AIM OF THE TASK: Your task is to restate word for word the line containing "- Materials: cotton" and each line that follows it in the listing, and only those.

----------------

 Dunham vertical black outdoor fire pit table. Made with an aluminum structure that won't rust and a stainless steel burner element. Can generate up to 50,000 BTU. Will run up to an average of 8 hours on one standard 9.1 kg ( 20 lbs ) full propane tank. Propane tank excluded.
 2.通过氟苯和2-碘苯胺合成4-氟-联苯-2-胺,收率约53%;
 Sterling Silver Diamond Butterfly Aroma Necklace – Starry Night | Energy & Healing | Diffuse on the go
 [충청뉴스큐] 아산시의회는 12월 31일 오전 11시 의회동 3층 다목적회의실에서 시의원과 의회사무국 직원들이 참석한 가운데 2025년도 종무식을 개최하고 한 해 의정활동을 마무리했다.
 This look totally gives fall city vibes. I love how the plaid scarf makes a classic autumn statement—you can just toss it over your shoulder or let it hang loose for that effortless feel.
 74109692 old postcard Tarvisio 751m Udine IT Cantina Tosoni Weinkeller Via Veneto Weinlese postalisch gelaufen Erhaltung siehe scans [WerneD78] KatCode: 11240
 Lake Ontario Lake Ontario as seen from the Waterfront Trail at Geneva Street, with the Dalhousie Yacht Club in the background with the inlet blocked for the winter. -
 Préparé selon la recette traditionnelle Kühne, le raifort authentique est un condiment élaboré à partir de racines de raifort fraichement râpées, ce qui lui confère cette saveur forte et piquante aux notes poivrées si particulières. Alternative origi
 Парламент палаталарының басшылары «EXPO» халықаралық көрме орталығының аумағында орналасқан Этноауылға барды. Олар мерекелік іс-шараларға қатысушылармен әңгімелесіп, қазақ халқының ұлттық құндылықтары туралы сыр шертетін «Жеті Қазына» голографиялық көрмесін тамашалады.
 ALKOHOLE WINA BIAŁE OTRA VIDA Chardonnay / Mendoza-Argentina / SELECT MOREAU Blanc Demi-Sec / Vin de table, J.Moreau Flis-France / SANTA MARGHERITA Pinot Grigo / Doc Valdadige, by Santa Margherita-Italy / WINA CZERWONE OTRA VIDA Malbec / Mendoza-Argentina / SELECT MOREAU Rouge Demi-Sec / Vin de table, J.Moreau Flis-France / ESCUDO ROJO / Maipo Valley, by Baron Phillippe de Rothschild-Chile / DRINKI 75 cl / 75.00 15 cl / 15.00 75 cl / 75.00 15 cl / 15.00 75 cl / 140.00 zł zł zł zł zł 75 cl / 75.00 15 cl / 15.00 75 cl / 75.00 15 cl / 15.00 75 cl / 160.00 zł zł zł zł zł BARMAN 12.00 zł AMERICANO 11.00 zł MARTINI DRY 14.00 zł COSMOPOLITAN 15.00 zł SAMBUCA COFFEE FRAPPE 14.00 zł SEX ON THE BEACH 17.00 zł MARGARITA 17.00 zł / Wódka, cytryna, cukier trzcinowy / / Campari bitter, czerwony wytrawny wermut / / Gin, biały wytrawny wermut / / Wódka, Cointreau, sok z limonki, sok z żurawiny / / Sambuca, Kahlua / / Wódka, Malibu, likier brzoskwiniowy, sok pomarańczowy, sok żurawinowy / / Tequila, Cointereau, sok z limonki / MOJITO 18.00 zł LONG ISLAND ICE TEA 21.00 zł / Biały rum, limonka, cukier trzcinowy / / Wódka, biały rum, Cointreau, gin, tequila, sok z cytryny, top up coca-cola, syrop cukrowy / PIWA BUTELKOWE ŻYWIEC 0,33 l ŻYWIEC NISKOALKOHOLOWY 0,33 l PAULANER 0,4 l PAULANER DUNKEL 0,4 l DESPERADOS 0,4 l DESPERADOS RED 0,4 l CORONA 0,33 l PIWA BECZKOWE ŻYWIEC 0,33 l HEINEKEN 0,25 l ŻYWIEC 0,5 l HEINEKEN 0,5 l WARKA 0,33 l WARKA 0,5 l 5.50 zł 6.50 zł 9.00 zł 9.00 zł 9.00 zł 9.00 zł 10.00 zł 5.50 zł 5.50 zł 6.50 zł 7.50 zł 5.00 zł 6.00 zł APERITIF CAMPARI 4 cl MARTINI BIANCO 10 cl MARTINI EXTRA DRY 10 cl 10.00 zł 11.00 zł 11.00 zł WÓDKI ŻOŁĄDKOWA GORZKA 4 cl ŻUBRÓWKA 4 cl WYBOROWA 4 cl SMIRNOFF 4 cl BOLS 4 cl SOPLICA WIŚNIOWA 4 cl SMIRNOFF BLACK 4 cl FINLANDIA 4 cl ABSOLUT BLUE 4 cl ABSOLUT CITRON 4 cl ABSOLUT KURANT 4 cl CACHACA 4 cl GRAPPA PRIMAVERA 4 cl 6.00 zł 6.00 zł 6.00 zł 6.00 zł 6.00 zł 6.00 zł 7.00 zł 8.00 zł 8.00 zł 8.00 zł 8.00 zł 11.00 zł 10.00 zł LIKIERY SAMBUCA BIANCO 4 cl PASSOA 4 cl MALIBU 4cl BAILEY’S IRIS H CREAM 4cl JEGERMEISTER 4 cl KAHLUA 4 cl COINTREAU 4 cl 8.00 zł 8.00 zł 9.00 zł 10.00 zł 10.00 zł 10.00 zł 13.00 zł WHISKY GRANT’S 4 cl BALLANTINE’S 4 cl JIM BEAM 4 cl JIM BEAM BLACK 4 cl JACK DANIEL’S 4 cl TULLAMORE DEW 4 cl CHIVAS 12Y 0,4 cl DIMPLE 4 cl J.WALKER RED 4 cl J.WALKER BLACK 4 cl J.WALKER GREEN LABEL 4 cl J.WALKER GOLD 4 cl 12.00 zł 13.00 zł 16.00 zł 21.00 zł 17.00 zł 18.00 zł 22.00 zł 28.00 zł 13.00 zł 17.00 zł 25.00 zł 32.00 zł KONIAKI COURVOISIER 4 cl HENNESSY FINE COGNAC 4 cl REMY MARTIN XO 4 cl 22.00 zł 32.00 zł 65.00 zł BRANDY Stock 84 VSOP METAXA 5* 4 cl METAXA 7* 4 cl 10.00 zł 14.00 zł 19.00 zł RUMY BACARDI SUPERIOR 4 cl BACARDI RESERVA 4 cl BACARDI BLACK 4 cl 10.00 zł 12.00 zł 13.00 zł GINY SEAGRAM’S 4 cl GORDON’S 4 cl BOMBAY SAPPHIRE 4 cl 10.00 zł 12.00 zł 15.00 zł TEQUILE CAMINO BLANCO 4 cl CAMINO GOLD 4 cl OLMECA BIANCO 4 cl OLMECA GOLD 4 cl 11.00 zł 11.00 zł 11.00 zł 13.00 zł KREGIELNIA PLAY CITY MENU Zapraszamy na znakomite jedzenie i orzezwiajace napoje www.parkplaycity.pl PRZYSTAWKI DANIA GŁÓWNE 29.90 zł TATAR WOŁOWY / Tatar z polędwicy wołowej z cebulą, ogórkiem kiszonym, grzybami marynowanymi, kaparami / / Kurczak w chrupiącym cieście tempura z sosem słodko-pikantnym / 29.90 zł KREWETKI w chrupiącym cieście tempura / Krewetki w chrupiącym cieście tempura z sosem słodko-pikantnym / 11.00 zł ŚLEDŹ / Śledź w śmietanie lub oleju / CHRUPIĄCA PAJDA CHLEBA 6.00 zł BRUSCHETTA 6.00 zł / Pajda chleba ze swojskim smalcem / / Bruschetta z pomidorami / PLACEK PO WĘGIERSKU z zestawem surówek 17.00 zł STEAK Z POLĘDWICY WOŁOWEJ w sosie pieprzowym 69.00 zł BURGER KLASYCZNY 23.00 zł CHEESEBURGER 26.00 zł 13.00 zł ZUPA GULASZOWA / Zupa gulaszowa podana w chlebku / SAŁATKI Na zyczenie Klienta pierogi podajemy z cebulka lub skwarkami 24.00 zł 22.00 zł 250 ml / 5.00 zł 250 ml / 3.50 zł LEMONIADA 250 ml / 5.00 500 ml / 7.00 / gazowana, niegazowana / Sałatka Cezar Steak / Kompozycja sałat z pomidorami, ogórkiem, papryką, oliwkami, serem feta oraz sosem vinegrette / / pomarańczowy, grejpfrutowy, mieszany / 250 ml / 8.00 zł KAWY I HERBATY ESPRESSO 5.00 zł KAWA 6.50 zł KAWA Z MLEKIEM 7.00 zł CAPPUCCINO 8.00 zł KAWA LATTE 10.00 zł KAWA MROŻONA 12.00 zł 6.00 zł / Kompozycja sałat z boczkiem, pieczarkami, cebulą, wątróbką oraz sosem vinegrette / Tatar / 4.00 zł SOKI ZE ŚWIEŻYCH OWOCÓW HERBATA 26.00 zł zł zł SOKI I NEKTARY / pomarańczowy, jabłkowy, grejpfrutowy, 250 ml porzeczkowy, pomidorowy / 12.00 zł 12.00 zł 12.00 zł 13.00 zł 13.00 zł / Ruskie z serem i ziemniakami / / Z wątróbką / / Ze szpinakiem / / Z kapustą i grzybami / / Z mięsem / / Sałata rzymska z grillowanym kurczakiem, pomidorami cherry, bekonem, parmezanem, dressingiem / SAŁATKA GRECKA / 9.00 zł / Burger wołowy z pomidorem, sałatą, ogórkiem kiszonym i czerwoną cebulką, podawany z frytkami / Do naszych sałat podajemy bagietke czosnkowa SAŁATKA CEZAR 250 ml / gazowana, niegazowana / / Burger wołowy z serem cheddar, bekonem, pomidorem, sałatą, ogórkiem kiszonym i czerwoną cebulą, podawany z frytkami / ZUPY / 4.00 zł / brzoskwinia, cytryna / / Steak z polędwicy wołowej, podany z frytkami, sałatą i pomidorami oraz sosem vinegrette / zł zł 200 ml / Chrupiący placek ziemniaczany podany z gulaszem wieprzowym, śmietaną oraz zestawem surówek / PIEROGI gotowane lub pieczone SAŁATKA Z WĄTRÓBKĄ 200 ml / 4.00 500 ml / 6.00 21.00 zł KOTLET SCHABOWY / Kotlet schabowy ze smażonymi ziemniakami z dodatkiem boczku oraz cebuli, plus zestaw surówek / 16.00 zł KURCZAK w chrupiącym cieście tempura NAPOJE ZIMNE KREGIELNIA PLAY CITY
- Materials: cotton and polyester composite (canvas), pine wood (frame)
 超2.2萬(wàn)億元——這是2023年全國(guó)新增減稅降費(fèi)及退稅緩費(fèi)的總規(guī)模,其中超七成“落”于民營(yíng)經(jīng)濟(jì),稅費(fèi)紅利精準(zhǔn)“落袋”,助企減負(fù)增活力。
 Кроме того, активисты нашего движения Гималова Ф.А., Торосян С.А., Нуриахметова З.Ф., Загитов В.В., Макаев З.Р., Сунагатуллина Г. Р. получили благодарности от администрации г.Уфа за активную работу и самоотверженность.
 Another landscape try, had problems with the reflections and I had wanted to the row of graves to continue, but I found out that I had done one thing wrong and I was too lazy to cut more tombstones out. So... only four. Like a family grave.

----------------

COMPLETED TASK:
- Materials: cotton and polyester composite (canvas), pine wood (frame)
 超2.2萬(wàn)億元——這是2023年全國(guó)新增減稅降費(fèi)及退稅緩費(fèi)的總規(guī)模,其中超七成“落”于民營(yíng)經(jīng)濟(jì),稅費(fèi)紅利精準(zhǔn)“落袋”,助企減負(fù)增活力。
 Кроме того, активисты нашего движения Гималова Ф.А., Торосян С.А., Нуриахметова З.Ф., Загитов В.В., Макаев З.Р., Сунагатуллина Г. Р. получили благодарности от администрации г.Уфа за активную работу и самоотверженность.
 Another landscape try, had problems with the reflections and I had wanted to the row of graves to continue, but I found out that I had done one thing wrong and I was too lazy to cut more tombstones out. So... only four. Like a family grave.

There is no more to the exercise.